▶ _Records supplied_
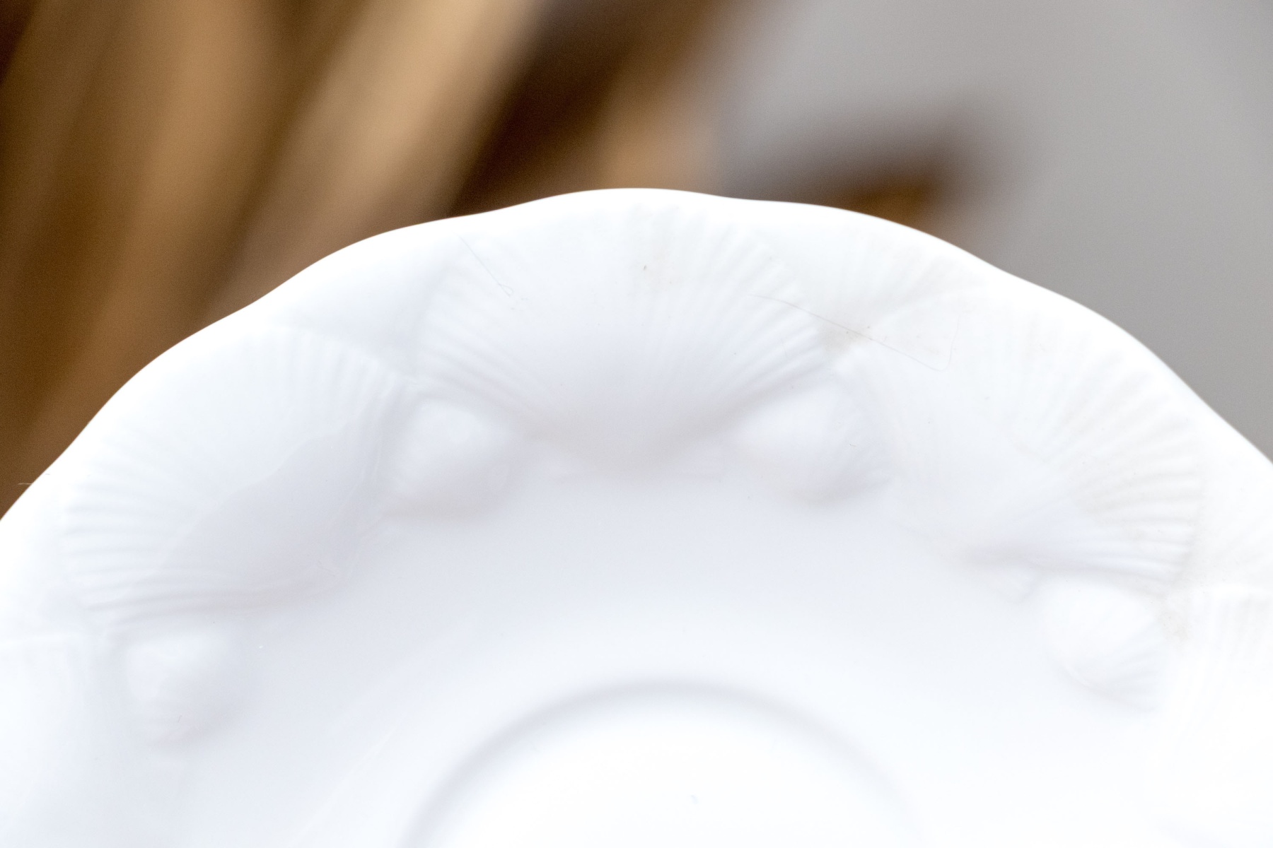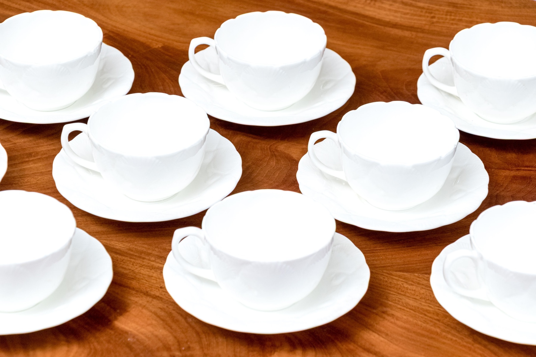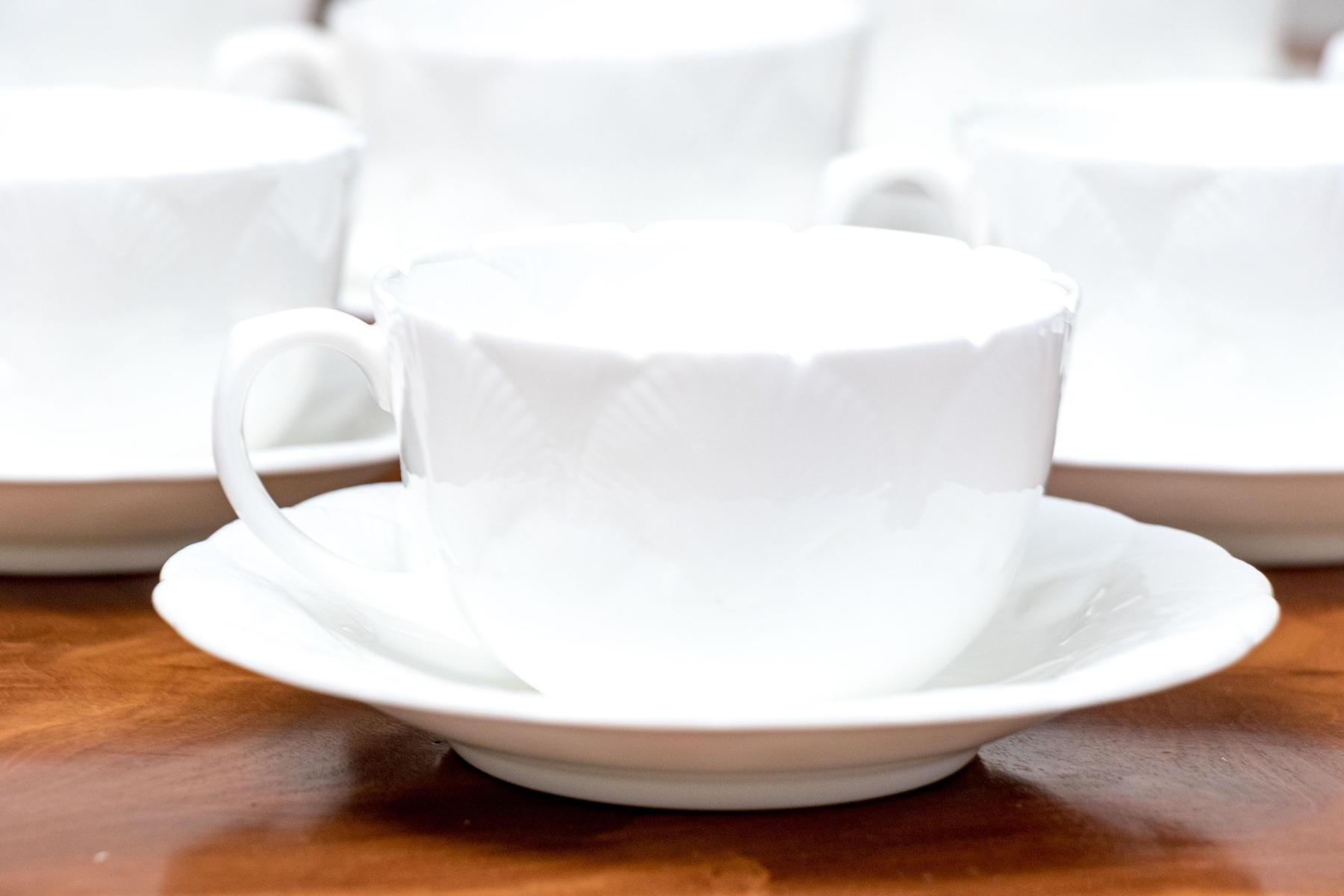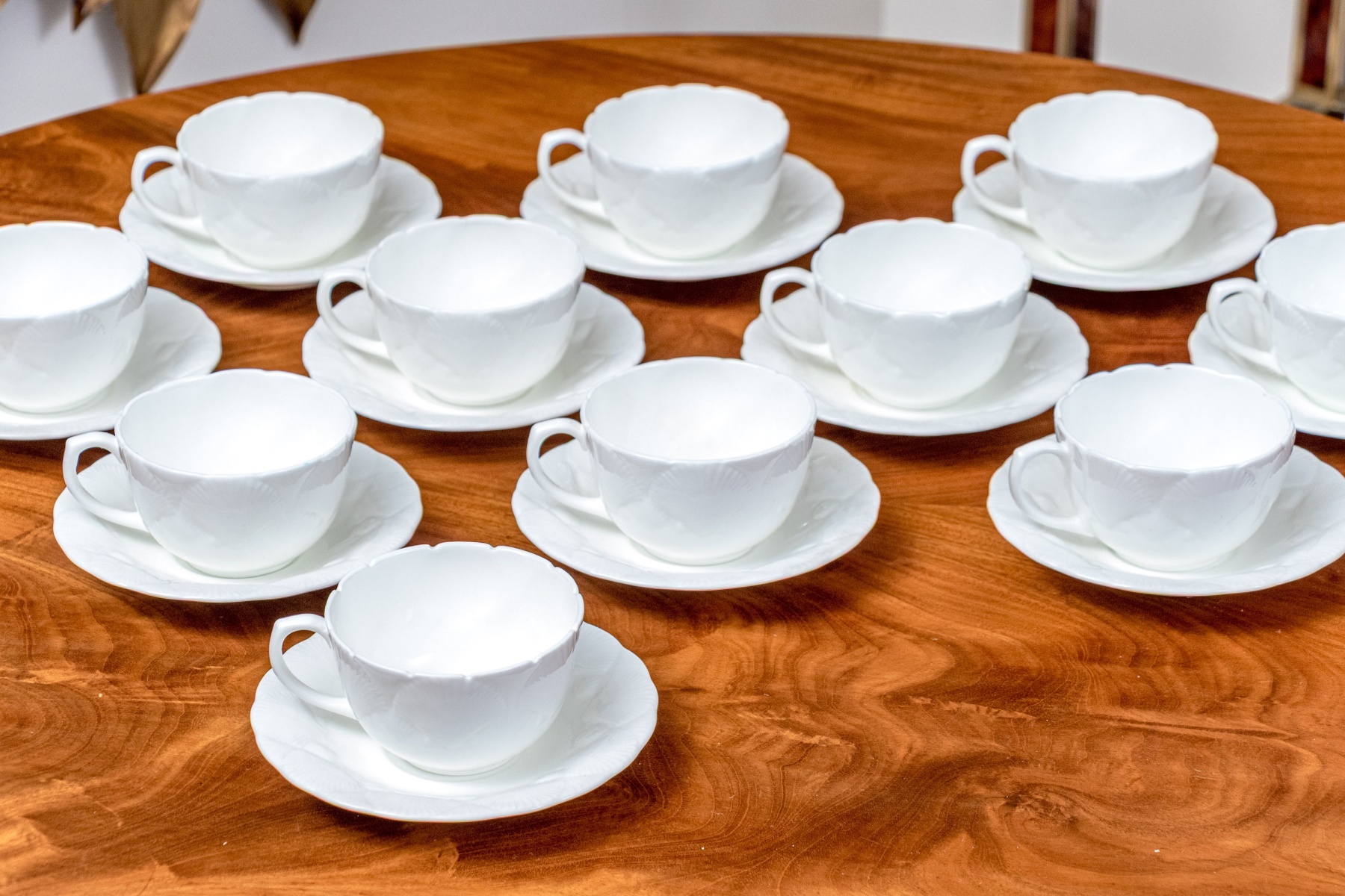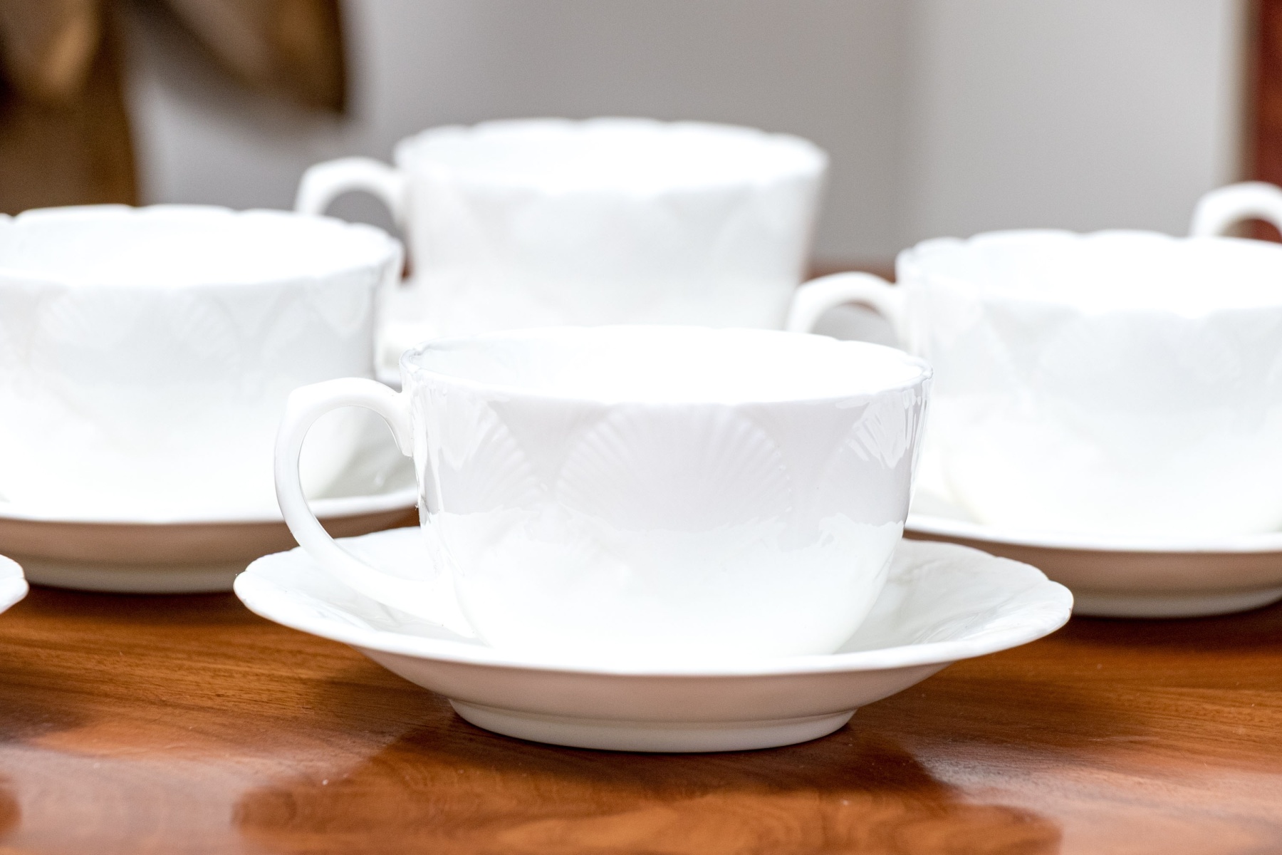 A delightful group of Wedgwood "Oceanside" bone china including eleven cups and eleven saucers. Pieces are designed with bright white bodies and fabulous tessellated bivalve shell motifs in relief, creating gently scalloped rims and beautiful understated texture. Marked underfoot.
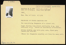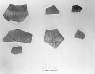 | Description: | Two non-joining fragments of a closed pot. Light fluting runs almost vertically on a), more obliquely on b). Traces of burnishing on exterior. Gritty reddish clay with gray core, fired gray inside and outside. N.B. These fragments possibly not from the same pot. | |
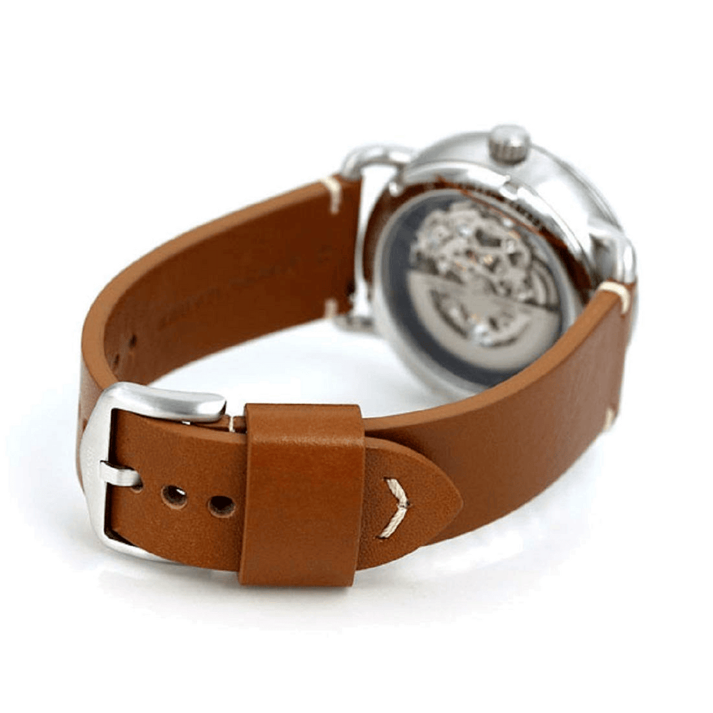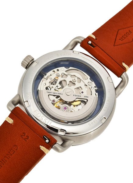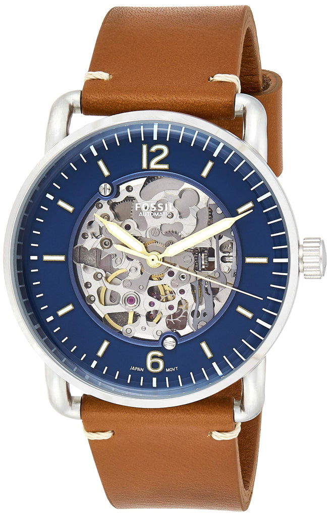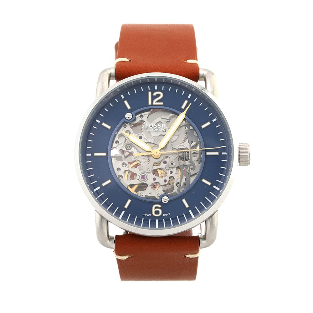 Fossil Commuter Automatic Skeleton Blue Dial Brown Leather Strap Watch for Men - ME3159
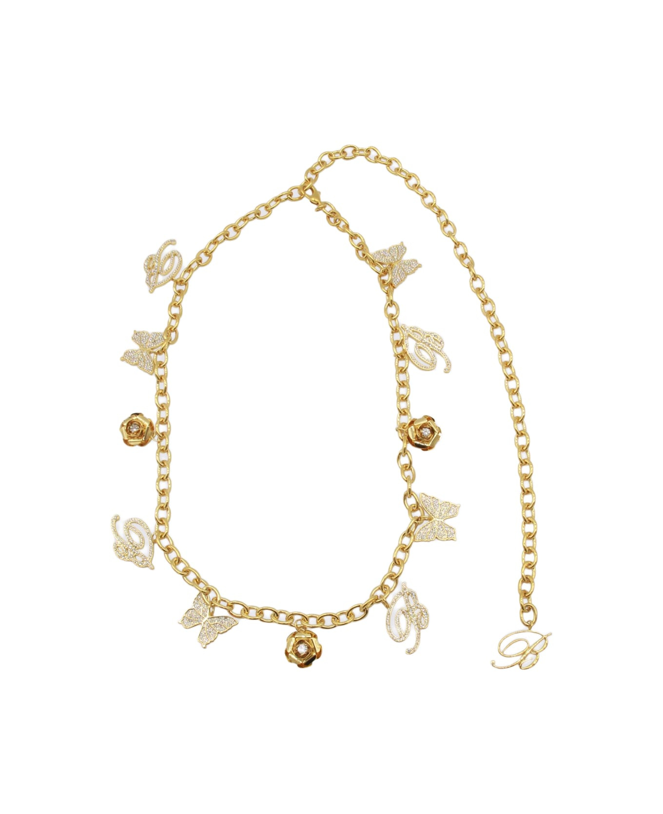 Gold tone belt from Blumarine featuring back fastening, gold tone hardwarw and logo details. Composition: _accessorio: 90% Ot, 10% Ve; Made in: Italy Color: GOLD/CRYSTAL Model number: A522W385AA8359
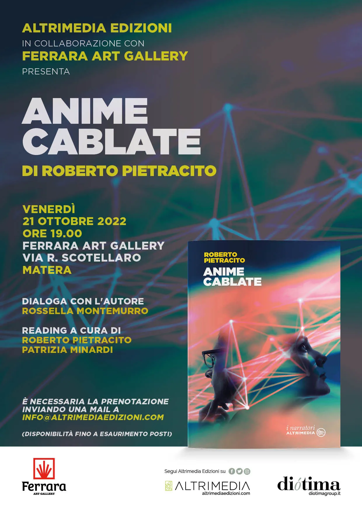 Sarà presentato venerdì 21 ottobre p.v. alle 19 presso Ferrara Art Gallery, in via Rocco Scotellaro a Matera Anime cablate di Roberto Pietracito. Nel corso della serata, moderata dalla giornalista Rossella Montemurro, reading di letture a cura dell’Autore e di Patrizia Minardi. Per assistere alla presentazione è necessaria la prenotazione inviando una mail a info@altrimediaedizioni.com.
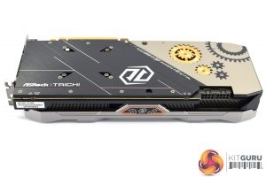 Additionally, we can also get a look at the Taichi's backplate. This is a full-length metal design, and it is quite visually appealing. It has a two-tone appearance, with about two thirds of backplate being black, brushed metal – with the other third a grey/beige sort of colour. This section also sports two metal cogs, which sit below the backplate itself, which ASRock calls the ‘3D' backplate design.
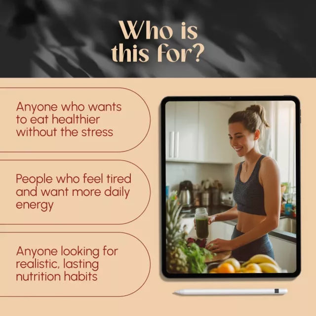 This is for anyone who wants to eat better without spending hours researching or cooking. It’s ideal for wellness beginners, busy professionals, students, parents, or anyone who wants to feel more confident about making nutritious meals that support real life—not just the perfect Instagram photo.

▶ _Work request_
Exactly as written, give every entry again, but not the pictures.

▶ _Output of the task_
 A delightful group of Wedgwood "Oceanside" bone china including eleven cups and eleven saucers. Pieces are designed with bright white bodies and fabulous tessellated bivalve shell motifs in relief, creating gently scalloped rims and beautiful understated texture. Marked underfoot.
 | Description: | Two non-joining fragments of a closed pot. Light fluting runs almost vertically on a), more obliquely on b). Traces of burnishing on exterior. Gritty reddish clay with gray core, fired gray inside and outside. N.B. These fragments possibly not from the same pot. | |
 Fossil Commuter Automatic Skeleton Blue Dial Brown Leather Strap Watch for Men - ME3159
 Gold tone belt from Blumarine featuring back fastening, gold tone hardwarw and logo details. Composition: _accessorio: 90% Ot, 10% Ve; Made in: Italy Color: GOLD/CRYSTAL Model number: A522W385AA8359
 Sarà presentato venerdì 21 ottobre p.v. alle 19 presso Ferrara Art Gallery, in via Rocco Scotellaro a Matera Anime cablate di Roberto Pietracito. Nel corso della serata, moderata dalla giornalista Rossella Montemurro, reading di letture a cura dell’Autore e di Patrizia Minardi. Per assistere alla presentazione è necessaria la prenotazione inviando una mail a info@altrimediaedizioni.com.
 Additionally, we can also get a look at the Taichi's backplate. This is a full-length metal design, and it is quite visually appealing. It has a two-tone appearance, with about two thirds of backplate being black, brushed metal – with the other third a grey/beige sort of colour. This section also sports two metal cogs, which sit below the backplate itself, which ASRock calls the ‘3D' backplate design.
 This is for anyone who wants to eat better without spending hours researching or cooking. It’s ideal for wellness beginners, busy professionals, students, parents, or anyone who wants to feel more confident about making nutritious meals that support real life—not just the perfect Instagram photo.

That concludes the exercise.